The obvious ways to recognise employee contributions are promotions and pay rises. If these fail to materialise employees will soon lose interest and look elsewhere. But staff can be kept on side for longer with regular reviews, appraisals and incremental rewards for impactful work. In fact, just knowing that their contribution is making a difference can be a strong motivator to stay and continue the work
So, to keep these five major factors in check, firms need to adhere to these three core principles:
1. Communicate and feed back
Keep an eye on reporting structures and make sure bosses are developing the staff they manage. 360 degree appraisals can really help here.

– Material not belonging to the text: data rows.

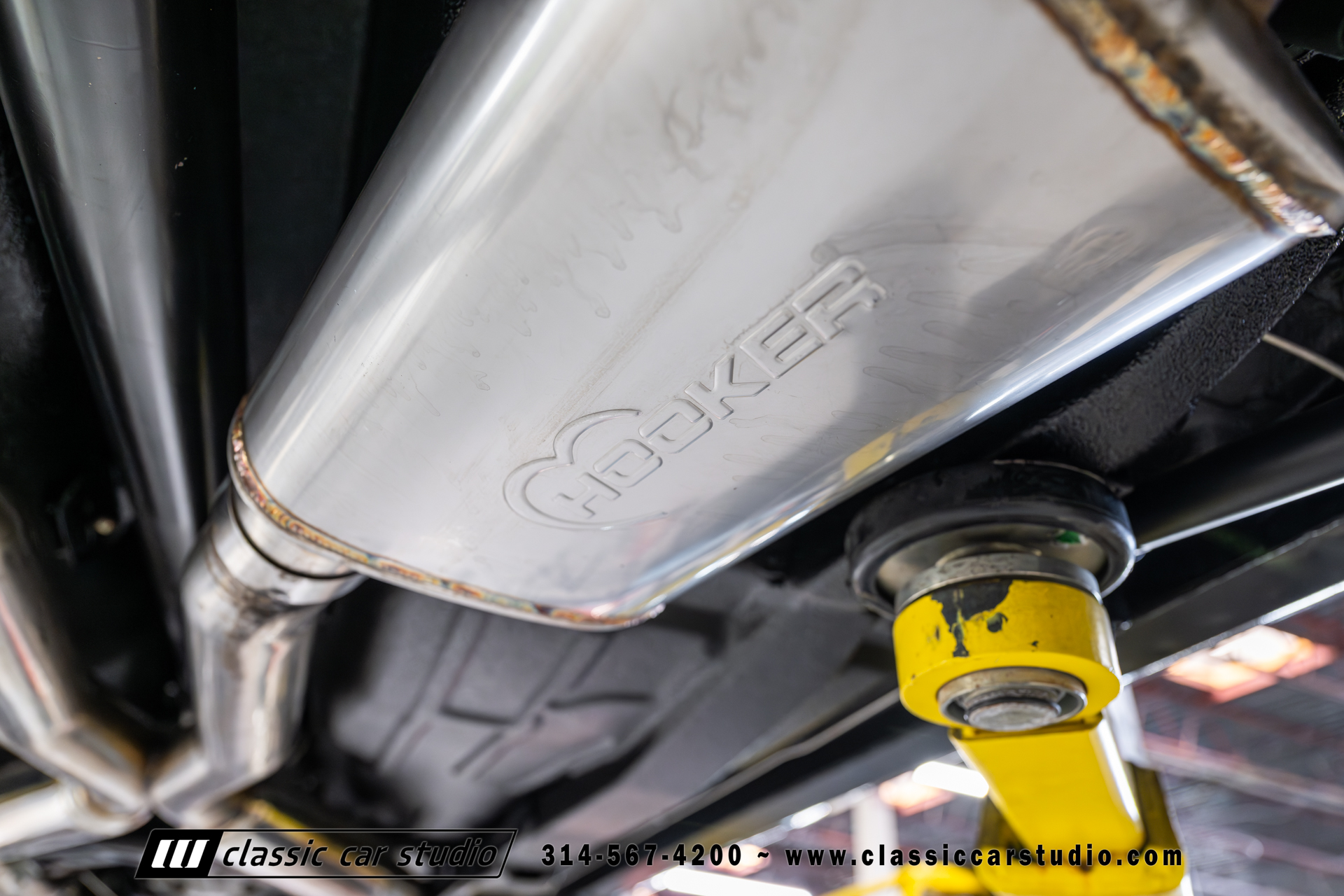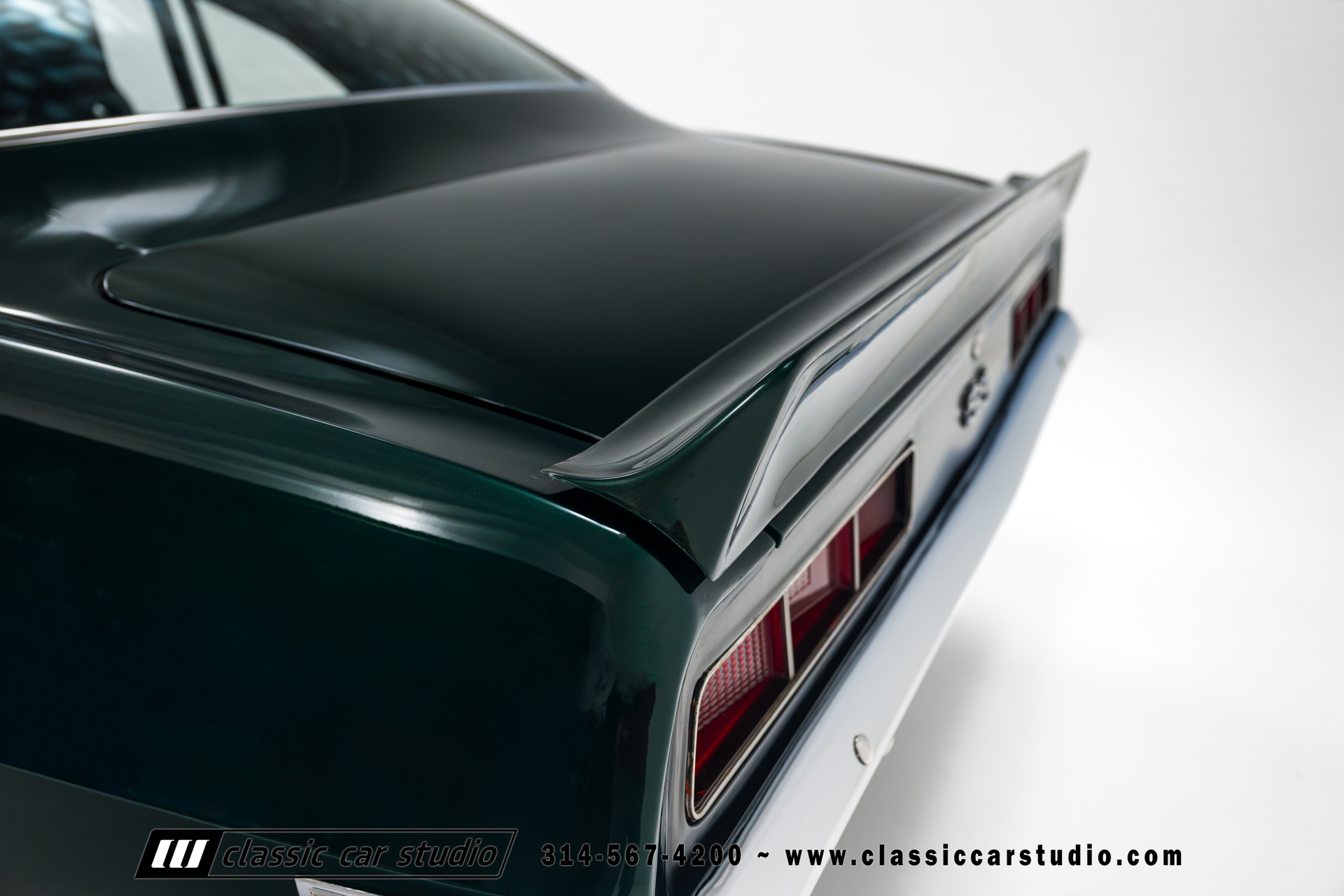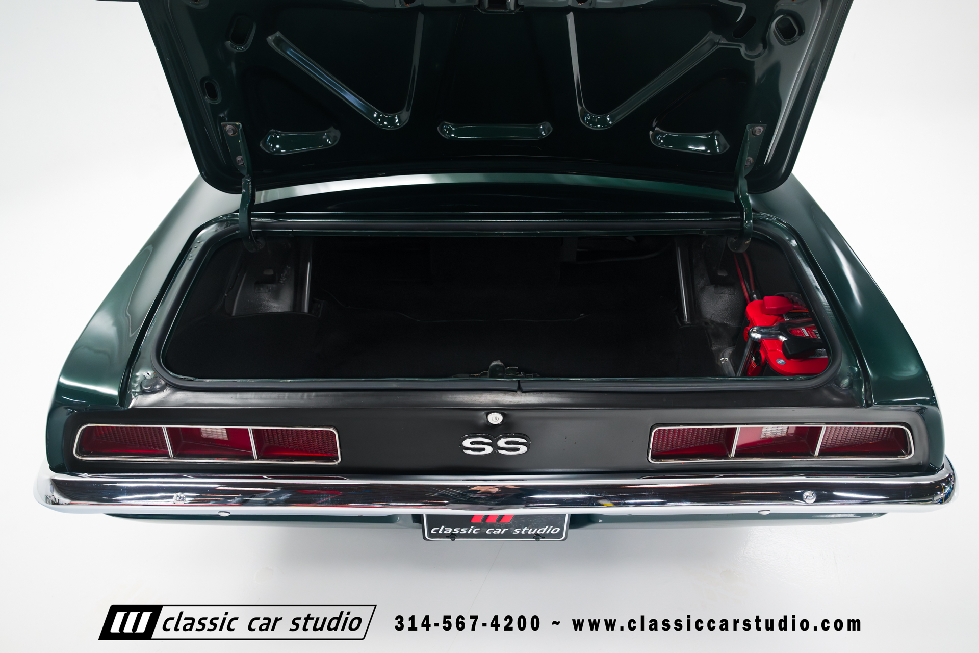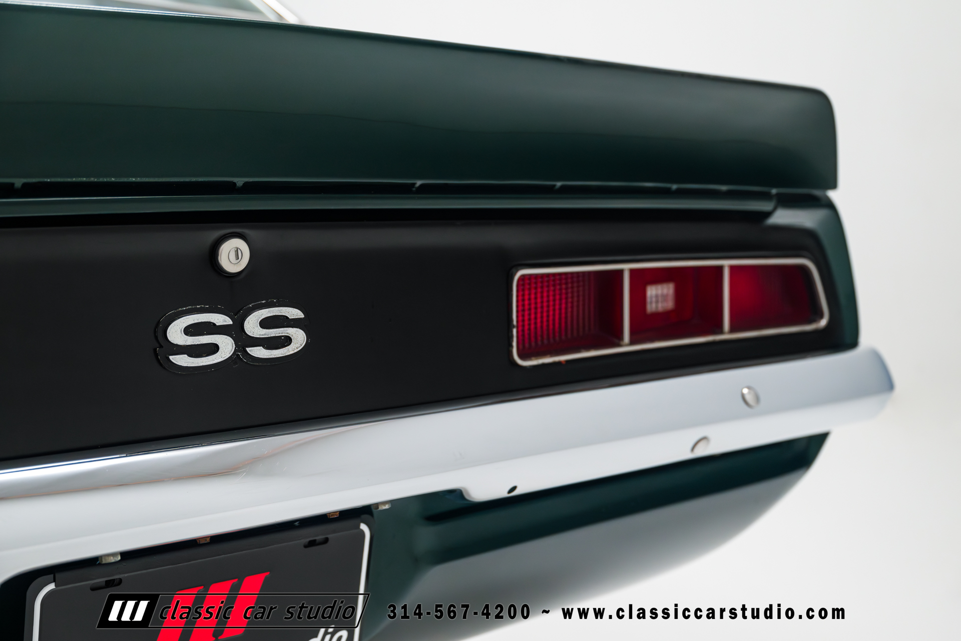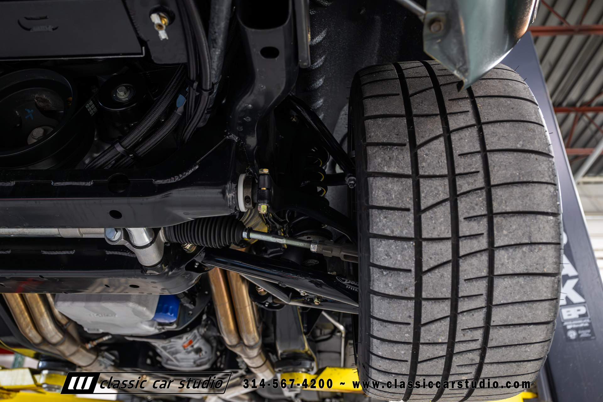 This 1969 Chevrolet Camaro coupe is powered by a 6.2-liter LT4 V8 that is equipped with a Katech supercharger and linked to a Tremec six-speed manual transmission. The car rides on a Detroit Speed suspension kit with a hydroformed front subframe, sway bars, and a Quadralink rear setup, and the Forgeline 18″ wheels are mounted over C6 Z06-specification brakes. The body is finished in dark green with white side stripes and features front and rear spoilers and a cowl induction hood, while the cabin is outfitted with a roll bar, digital climate control, a Kenwood head unit, Hertz audio, cruise control, and black leather Recaro front seats with Schroth harnesses…. (full write up on bringatrailer.com, at the link above)
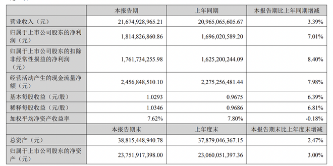 其中第二季度公司合计实现营业收入109.39亿元,同比增长3.65%;实现归属于上市公司股东的净利润9.00亿元,同比增长7.98%;实现归属于上市公司股东的扣除非经常性损益的净利润8.64亿元,同比增长9.85%。
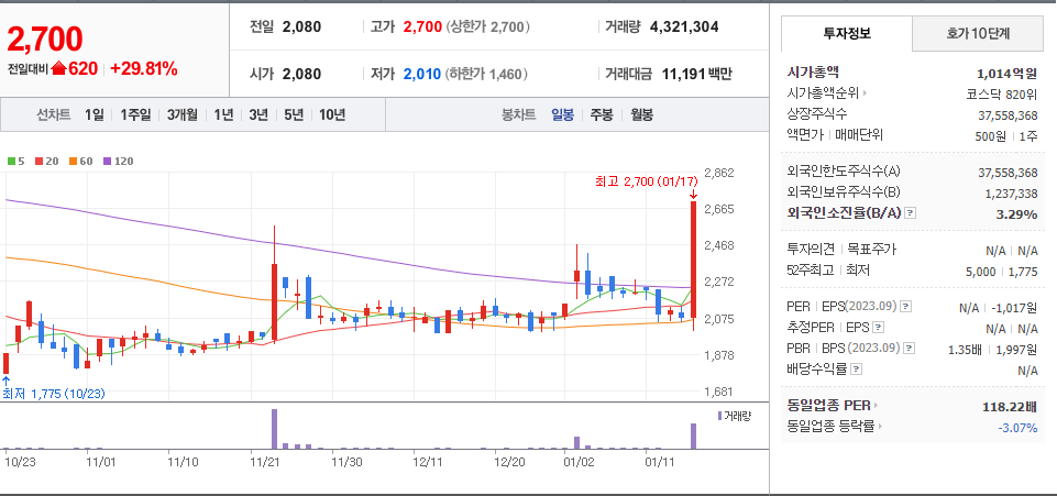 | 2024년 01월 11일 - 상한가 종목 (1) | 2024.01.11 |
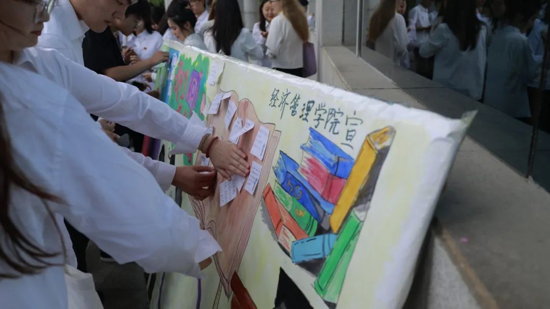 全体毕业生党员前往图书馆门前,在留言板上挥笔书写。他们用一句句真挚的文字,传递着坚定的理想信念,写下未来的奋斗目标,倾诉着浓浓的爱党情怀。有的党员写道:“愿以青春之我,创建青春之国家,在新的岗位上践行入党誓词”。这些文字不仅是党员精神的传承,更为学院留下了宝贵的红色印记与奋进力量,激励着后续的党员学子们接续奋斗,砥砺前行。

Through regular appraisals and feedback sessions, make sure staff contributions are understood and recognised and that skills are being utilised and opinions are heard
2. Watch the market
Keep an eye on market remuneration rates to ensure packages are in line with expectations
3. Develop your culture and staff
Develop a strong vision, values and aims with buy-in from staff that include valuing them as contributors and individuals with their own needs. Think about achievable milestones that the teams will strive towards, rather than nebulous mission statements. Also think about how individuals can develop within their roles
It is true that, as much as you can try to keep staff, some will leave. In my next posts I’ll be talking about how to spot the signs that people are looking to leave and how to plan for the inevitable changes.